------ Information ------
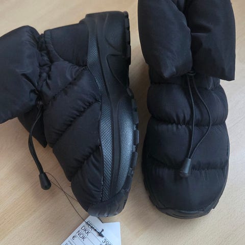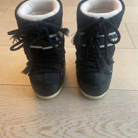 Moon Boot vintersko i størrelse 39 til 41 , unisex design, i svart farge. Laget med isolerende materiale for å holde føttene varme i kalde forhold. Støvlene har snøring foran for justerbar passform og en solid såle for godt grep. Egnet for bruk i snø og vintervær. Den er litt slitt inni men jeg merker ikke det så det er supert😄
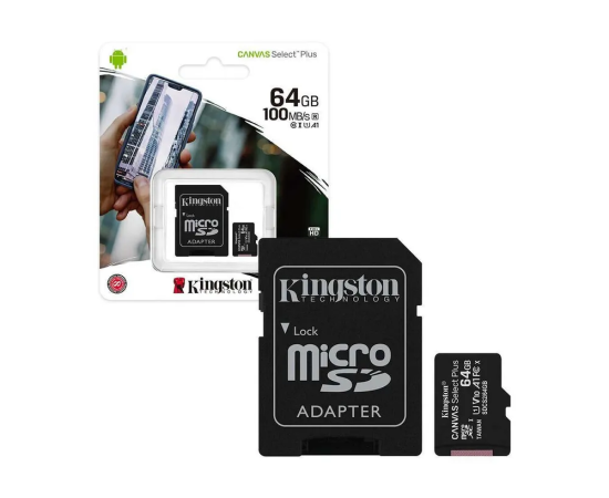 MicroSD 64GB Kingston Class 10 Canvas Select Plus A1 (100 Mb/s) + SD адаптер
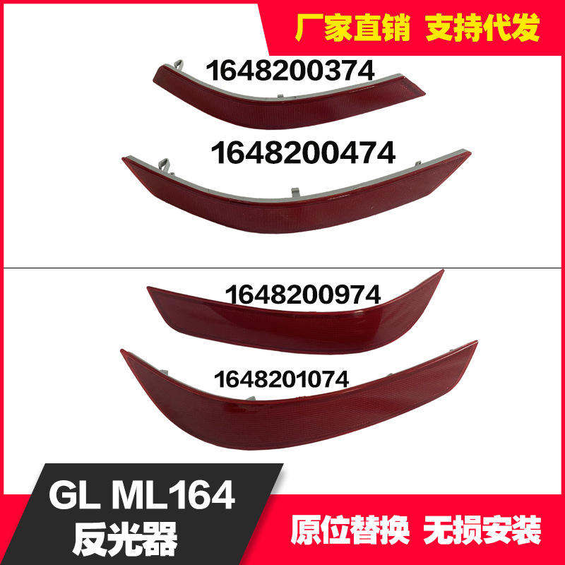 Reflector LED para Mercedes-Benz W164 Clase ML, 1648200974L/1074R 1648200374L/0474R, Rectangular, de PC, Instalación con Clic, Forma Plana
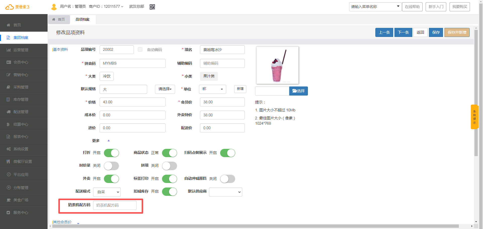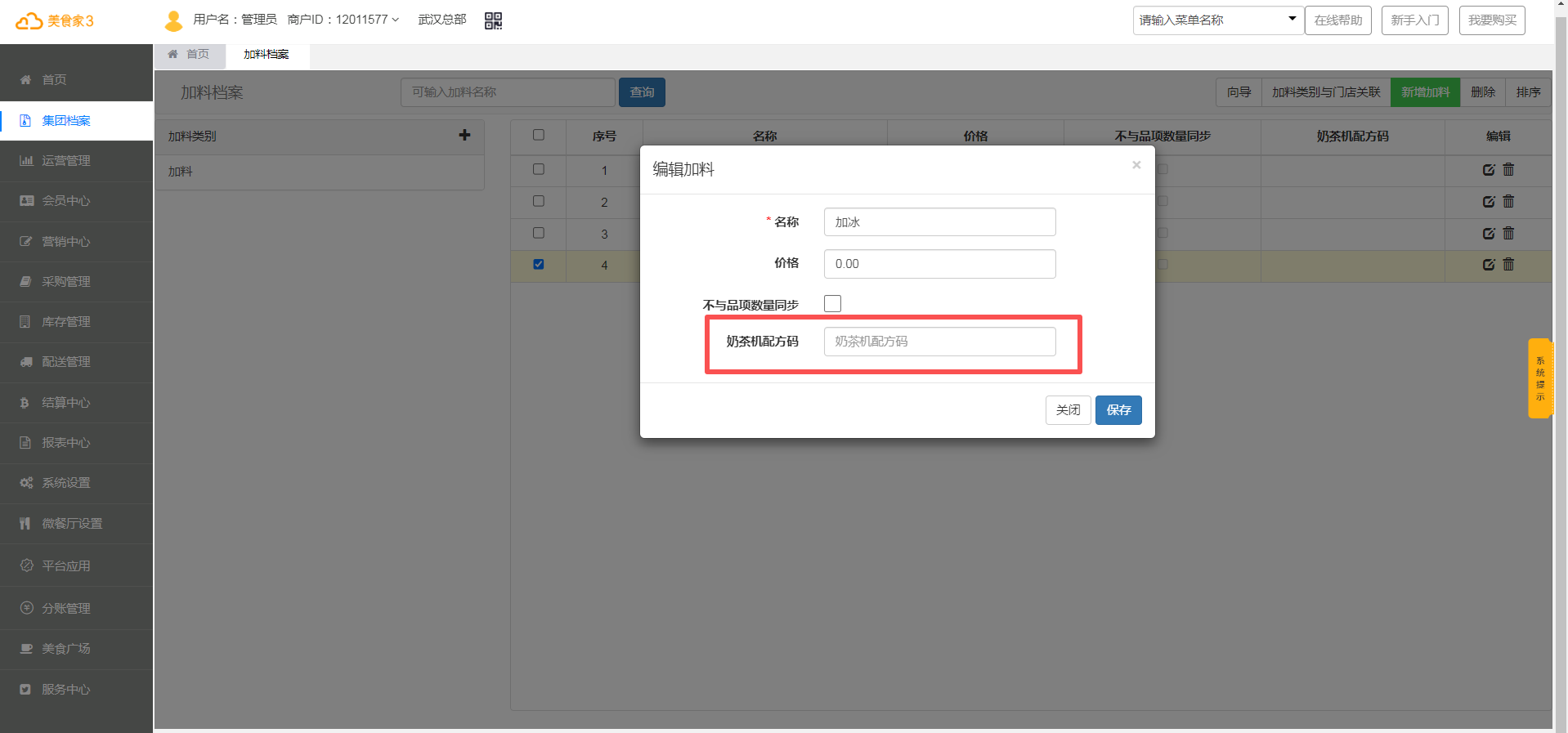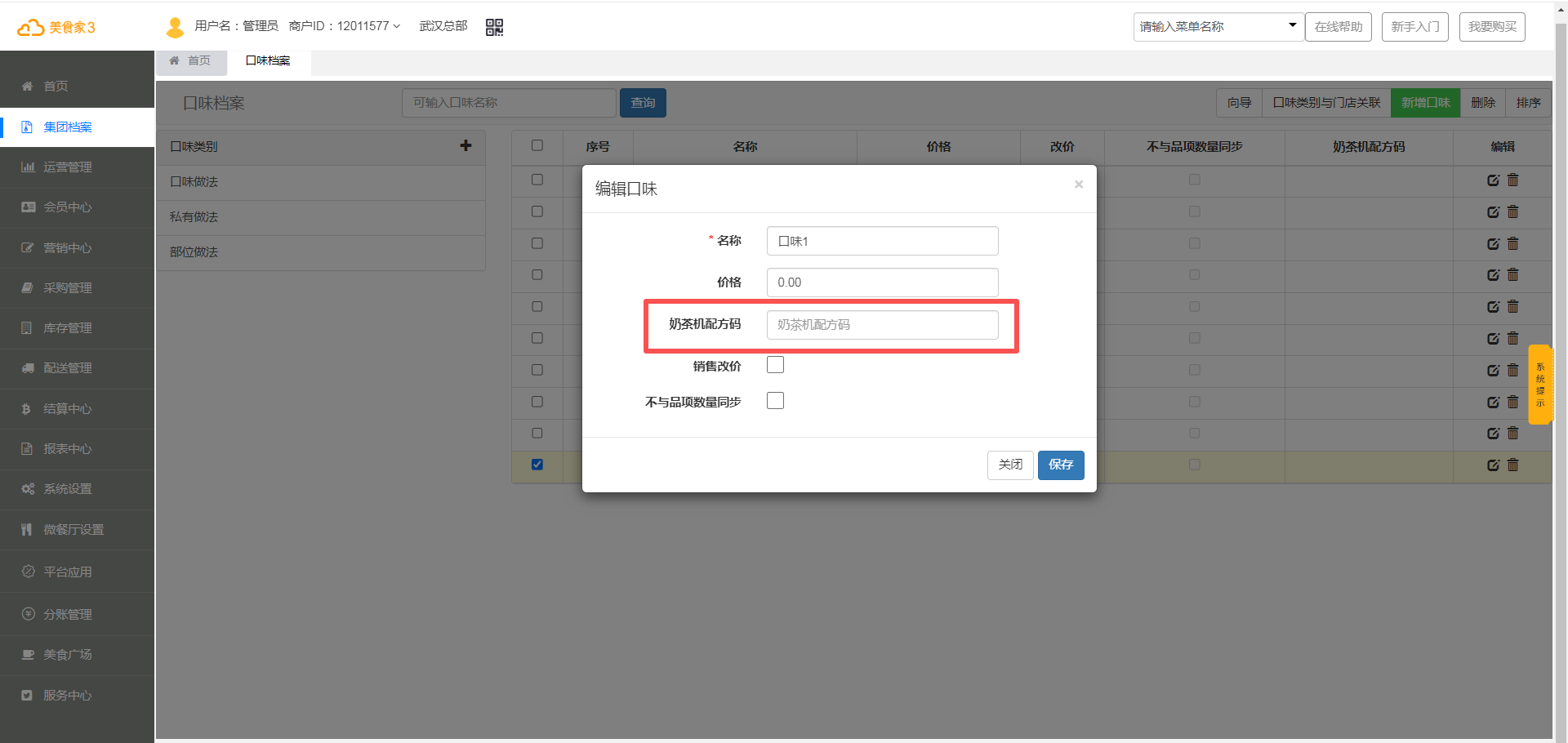 1.1、品项档案增加奶茶机配方码
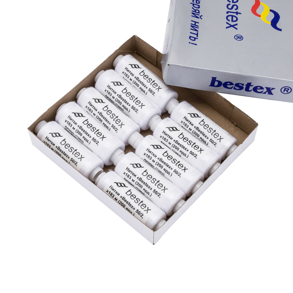 Нитки Bestex №50/2 в наборе "Белый" – прекрасный вариант для шитья, ремонта текстильных изделий, рукоделия. Подойдут для бытовых швейных машин.
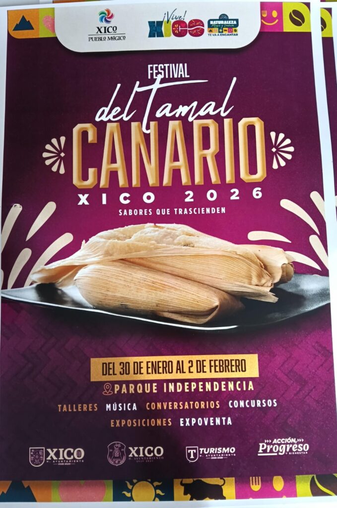 Por otro lado, se indicó que el Festival del Tamal Canario 2026 no será únicamente gastronómico, también se contempla una amplia cartelera cultural y recreativa, entre la que destacan: Presentaciones de mariachis, espectáculos de ballet y danza, talleres para aprender a elaborar tamal canario y tamal de frijol y concursos de tamal canario gigante y tamal de frijol gigante, este último elaborado con polvo de aguacate, una receta característica de Xico
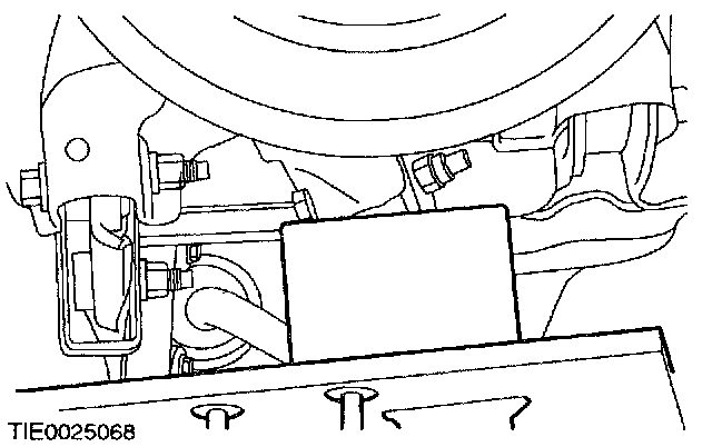 8. Using a suitable wooden block and a suitable transmission jack, raise the suspension to the design height setting.
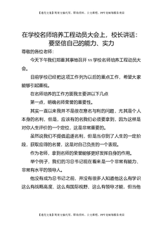 在学校名师培养工程动员大会上,校长讲话:要坚信自己的能力、实力.doc
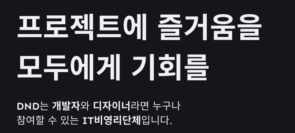 우선 DND는 프론트엔드 개발자 2명, 백엔드 개발자 2명, 디자이너 2명으로 총 6명으로 구성되어 사이드 프로젝트를 개발해 나갑니다. 저희 팀은 저 혼자 대학생(20살)이었고, 나머지 분들은 취준생 또는 직장인으로 구성되었습니다. DND를 하면서 가장 좋았던 점은 팀원 모두가 기회가 주어진 만큼! 할 수 있는 만큼! 매우 열심히 개발 하고 의견 내고 모두가 열심히 하려는 의지가 있어서 (학교 팀플과는 매우 다르게) 너무 재밌게 활동할 수 있었던 점이 좋았습니다!
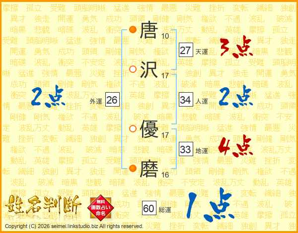 唐(10画)沢(17画) 優(17画)磨(16画)
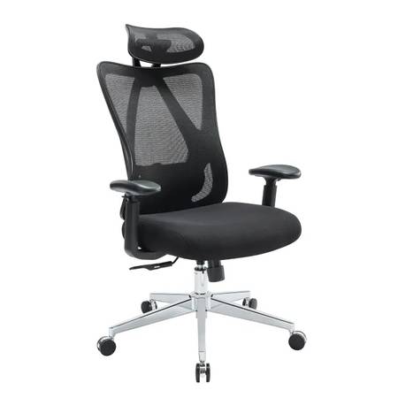 This ergonomic office chair features an adjustable high back, reversible headrest, and lumbar support for all-day comfort. The breathable mesh back and thickly padded seat enhance airflow and relaxation. Built with a durable, BIFMA-certified gas lift and a sturdy aluminum base, it supports up to 330 lbs. The chair is easy to assemble and comes in Black or Grey.
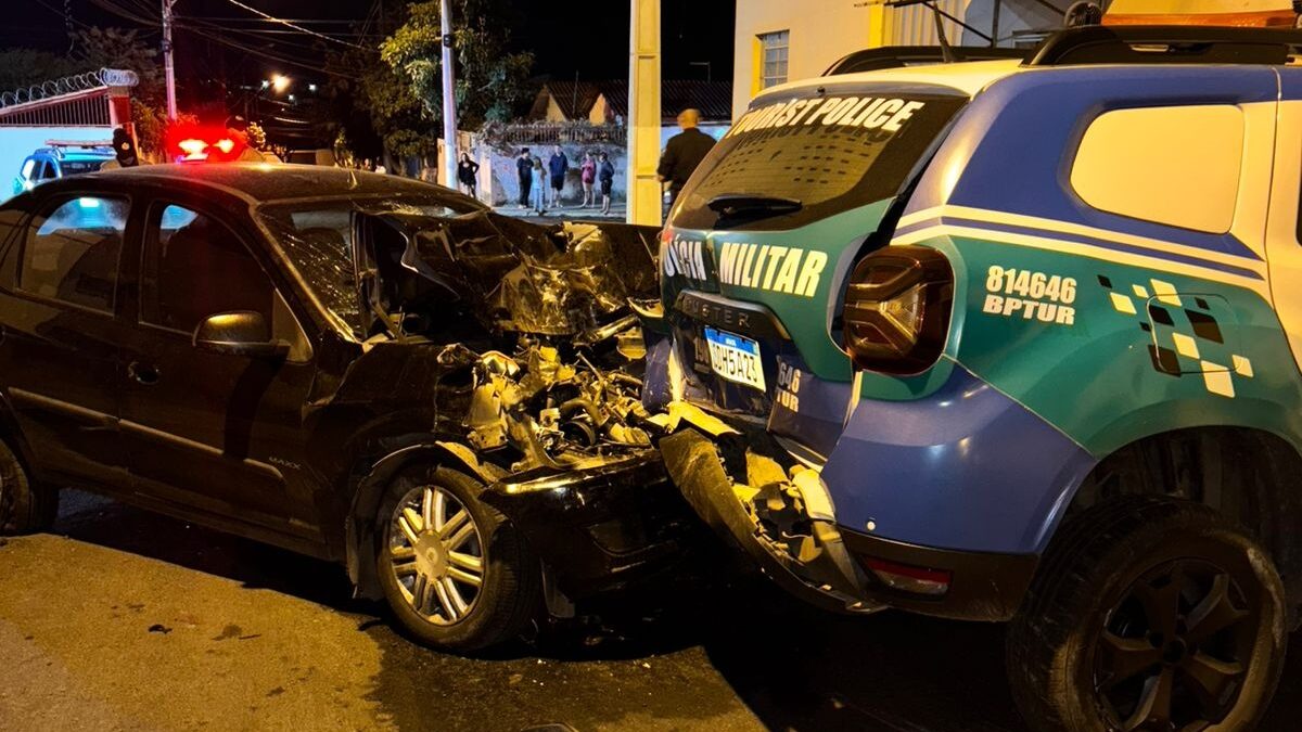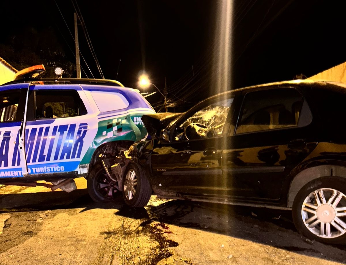 Um homem foi baleado após bater o carro que dirigia no portão da casa da ex-mulher e depois jogar o veículo contra uma viatura da Polícia Militar (PM) na madrugada desta quinta-feira (26/6), em Caldas Novas. A suspeita é de que ele estaria bêbado e sob o efeito de drogas.
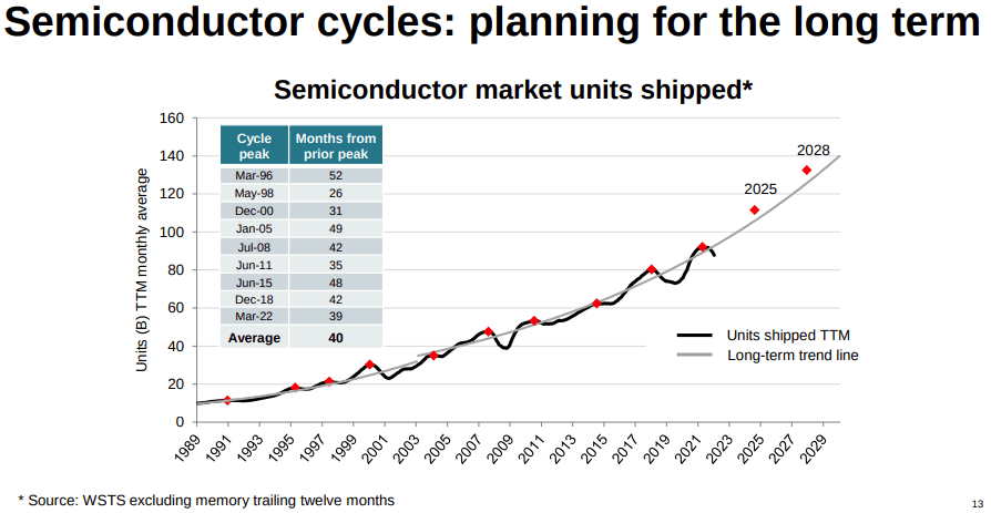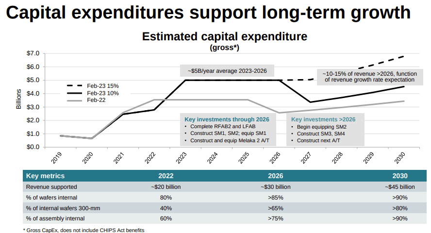 The company indicated that it would raise Capex if there was an opportunity to invest in its future growth advantages. Given its focus on extending its 300-mm cost advantage in these chips and strengthening its supply chain, the company has set a target for this spending to remain substantial: $5 billion per year for the next three years and then at 10-15% of revenue after that.
------
* Your objective
Output only the lines above from the line that holds "MicroSD 64GB Kingston" through the line that holds "Нитки Bestex №50/2", both ends included, and exclude pictures.

* Exercise solution
 MicroSD 64GB Kingston Class 10 Canvas Select Plus A1 (100 Mb/s) + SD адаптер
 Reflector LED para Mercedes-Benz W164 Clase ML, 1648200974L/1074R 1648200374L/0474R, Rectangular, de PC, Instalación con Clic, Forma Plana
 1.1、品项档案增加奶茶机配方码
 Нитки Bestex №50/2 в наборе "Белый" – прекрасный вариант для шитья, ремонта текстильных изделий, рукоделия. Подойдут для бытовых швейных машин.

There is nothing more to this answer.